Task item = From the line with "液壓機重出江湖「挑戰9種不同" to the line with "กิจกรรมสื่อสร้างสรรค์ภาพยนตร์สั้น ต่อต้านการทุจริต (ม.1-3)", output every line below exactly, both ends included. Skip the pictures.

Data to use =

——————

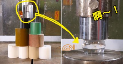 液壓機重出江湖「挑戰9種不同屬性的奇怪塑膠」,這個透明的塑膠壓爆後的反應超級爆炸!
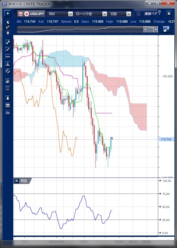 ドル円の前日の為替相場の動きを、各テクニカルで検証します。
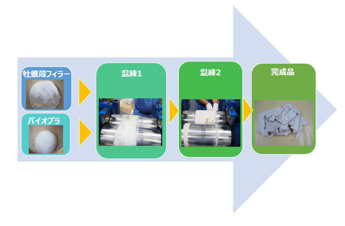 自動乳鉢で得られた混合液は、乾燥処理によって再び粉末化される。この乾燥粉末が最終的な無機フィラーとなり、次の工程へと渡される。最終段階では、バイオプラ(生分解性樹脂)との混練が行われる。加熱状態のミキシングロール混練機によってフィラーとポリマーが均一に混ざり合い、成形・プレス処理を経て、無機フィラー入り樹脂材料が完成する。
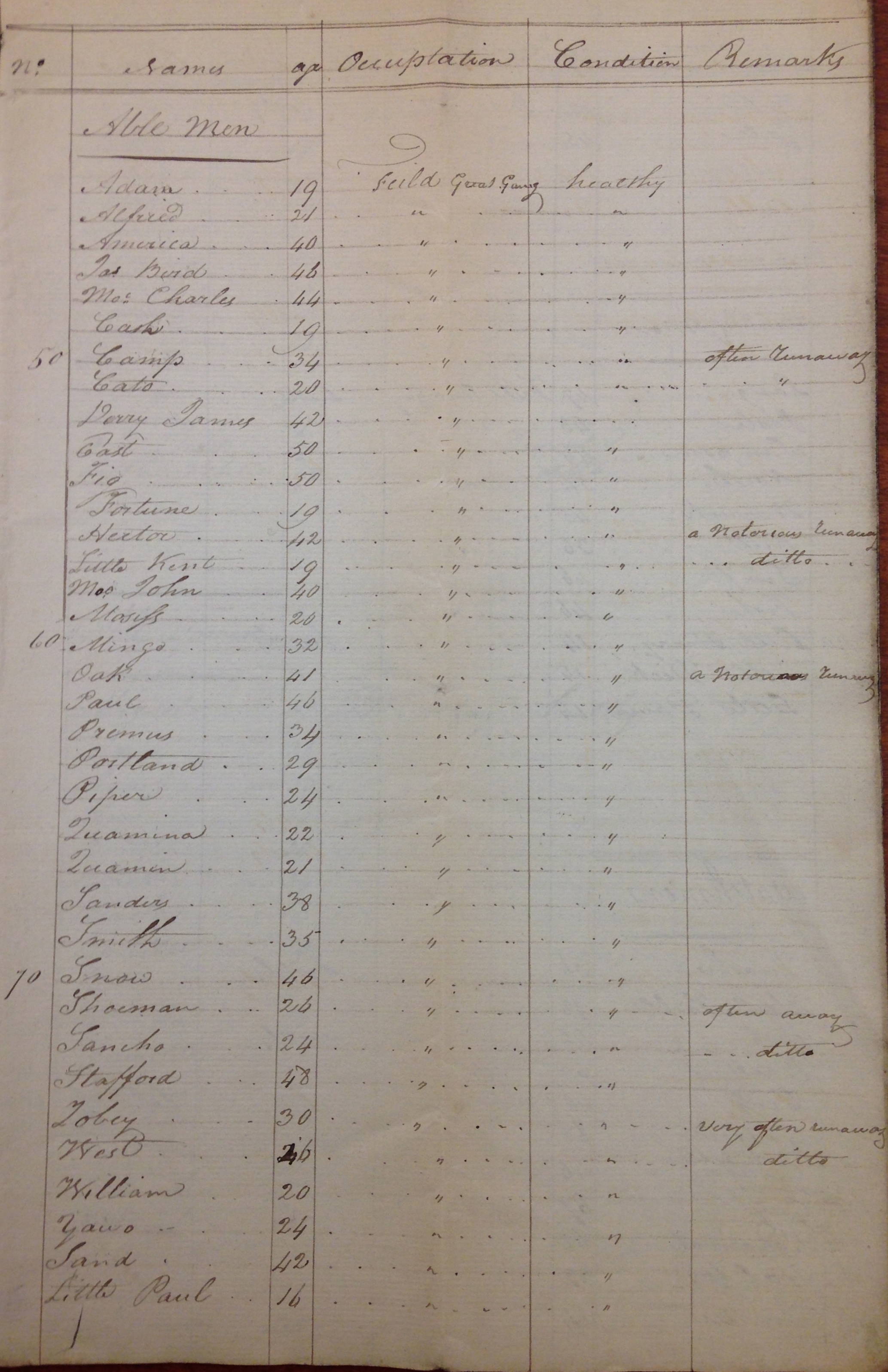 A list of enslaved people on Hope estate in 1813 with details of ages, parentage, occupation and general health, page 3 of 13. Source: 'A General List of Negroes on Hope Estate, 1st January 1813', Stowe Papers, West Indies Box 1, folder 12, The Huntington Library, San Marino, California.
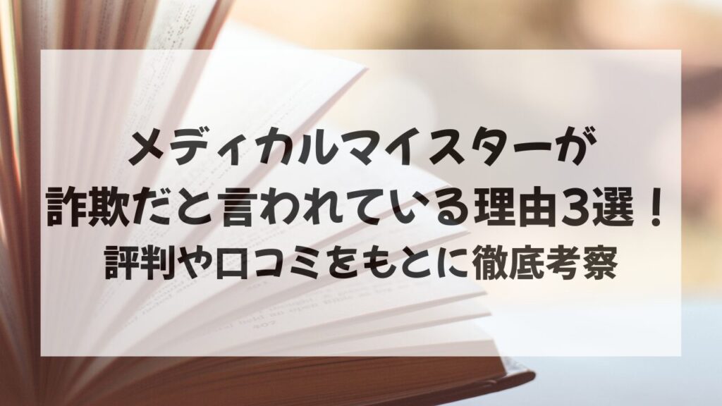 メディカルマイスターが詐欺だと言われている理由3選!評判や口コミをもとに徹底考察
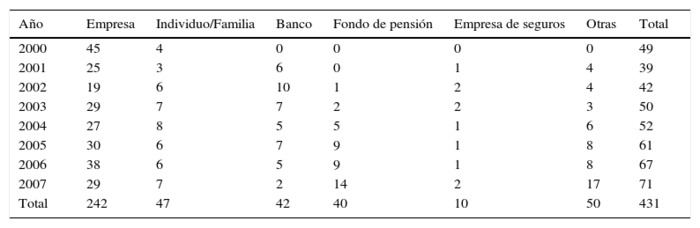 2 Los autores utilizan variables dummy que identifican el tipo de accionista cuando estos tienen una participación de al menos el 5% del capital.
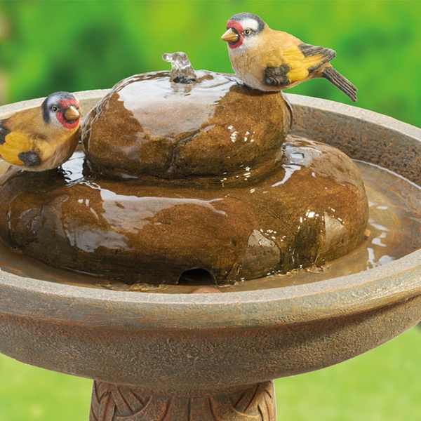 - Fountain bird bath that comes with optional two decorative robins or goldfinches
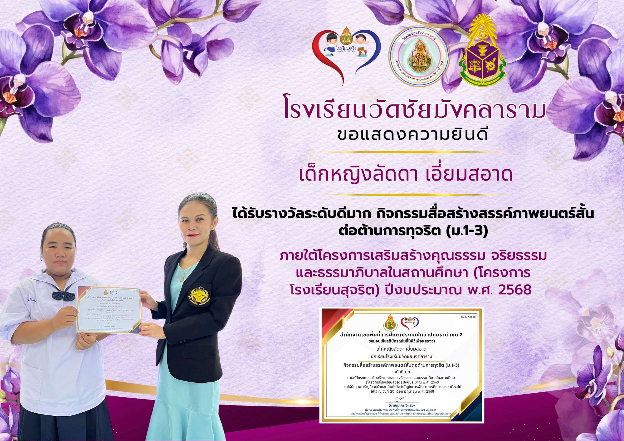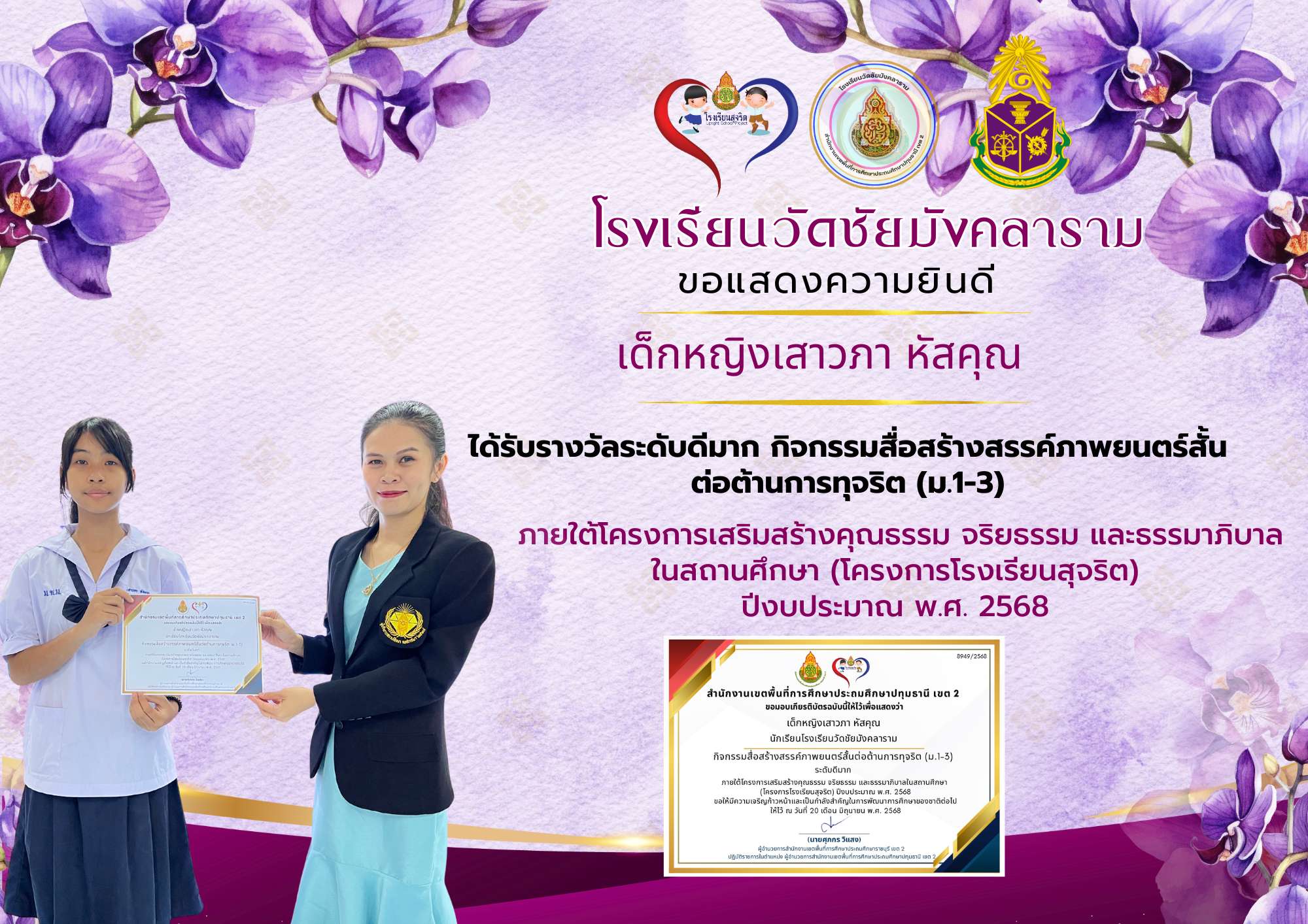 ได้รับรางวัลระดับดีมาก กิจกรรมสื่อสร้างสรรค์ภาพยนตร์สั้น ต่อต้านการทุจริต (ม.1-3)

——————

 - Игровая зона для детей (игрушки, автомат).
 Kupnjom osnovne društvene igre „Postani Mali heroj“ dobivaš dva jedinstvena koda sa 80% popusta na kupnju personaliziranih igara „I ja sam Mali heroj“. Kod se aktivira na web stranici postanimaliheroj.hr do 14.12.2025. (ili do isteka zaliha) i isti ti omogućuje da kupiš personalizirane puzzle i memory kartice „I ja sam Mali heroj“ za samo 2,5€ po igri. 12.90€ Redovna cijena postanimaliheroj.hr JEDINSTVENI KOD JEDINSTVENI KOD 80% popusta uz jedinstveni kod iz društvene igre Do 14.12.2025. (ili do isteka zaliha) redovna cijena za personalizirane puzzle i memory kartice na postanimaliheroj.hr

——————

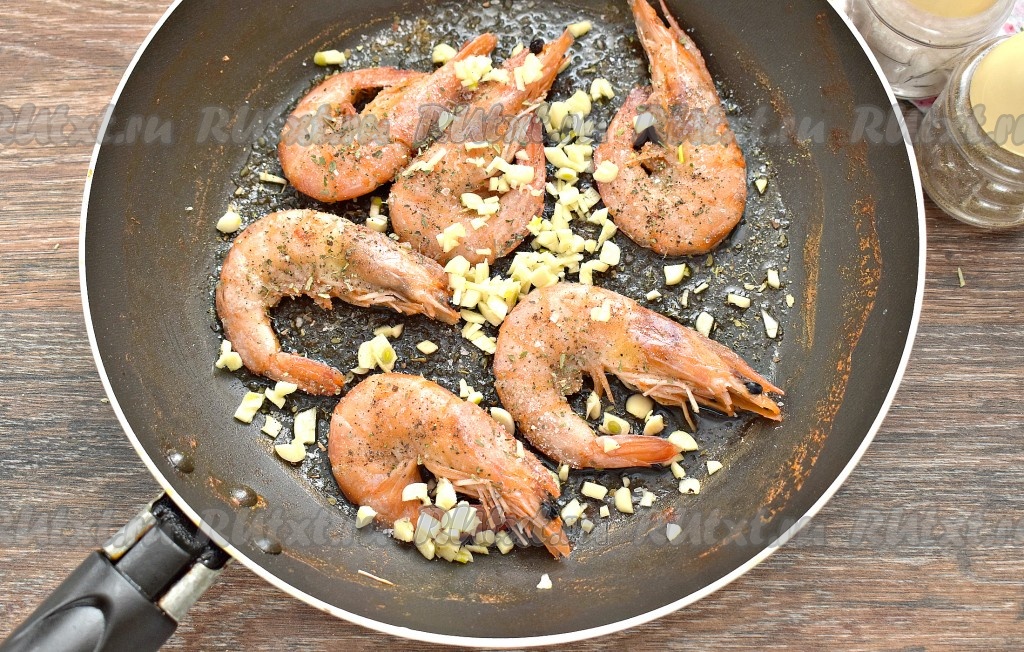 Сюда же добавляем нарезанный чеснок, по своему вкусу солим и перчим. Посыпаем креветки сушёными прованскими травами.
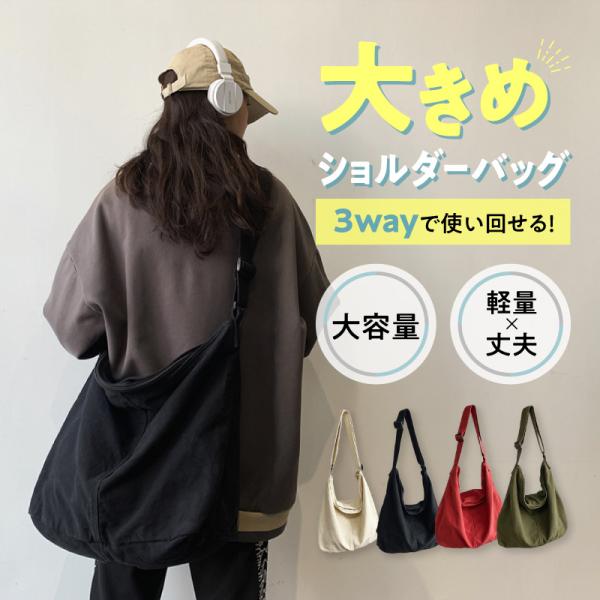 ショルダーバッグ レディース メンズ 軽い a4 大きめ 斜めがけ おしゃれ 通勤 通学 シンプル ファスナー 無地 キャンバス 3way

——————

Exercise result =
 液壓機重出江湖「挑戰9種不同屬性的奇怪塑膠」,這個透明的塑膠壓爆後的反應超級爆炸!
 ドル円の前日の為替相場の動きを、各テクニカルで検証します。
 自動乳鉢で得られた混合液は、乾燥処理によって再び粉末化される。この乾燥粉末が最終的な無機フィラーとなり、次の工程へと渡される。最終段階では、バイオプラ(生分解性樹脂)との混練が行われる。加熱状態のミキシングロール混練機によってフィラーとポリマーが均一に混ざり合い、成形・プレス処理を経て、無機フィラー入り樹脂材料が完成する。
 A list of enslaved people on Hope estate in 1813 with details of ages, parentage, occupation and general health, page 3 of 13. Source: 'A General List of Negroes on Hope Estate, 1st January 1813', Stowe Papers, West Indies Box 1, folder 12, The Huntington Library, San Marino, California.
 メディカルマイスターが詐欺だと言われている理由3選!評判や口コミをもとに徹底考察
 2 Los autores utilizan variables dummy que identifican el tipo de accionista cuando estos tienen una participación de al menos el 5% del capital.
 - Fountain bird bath that comes with optional two decorative robins or goldfinches
 ได้รับรางวัลระดับดีมาก กิจกรรมสื่อสร้างสรรค์ภาพยนตร์สั้น ต่อต้านการทุจริต (ม.1-3)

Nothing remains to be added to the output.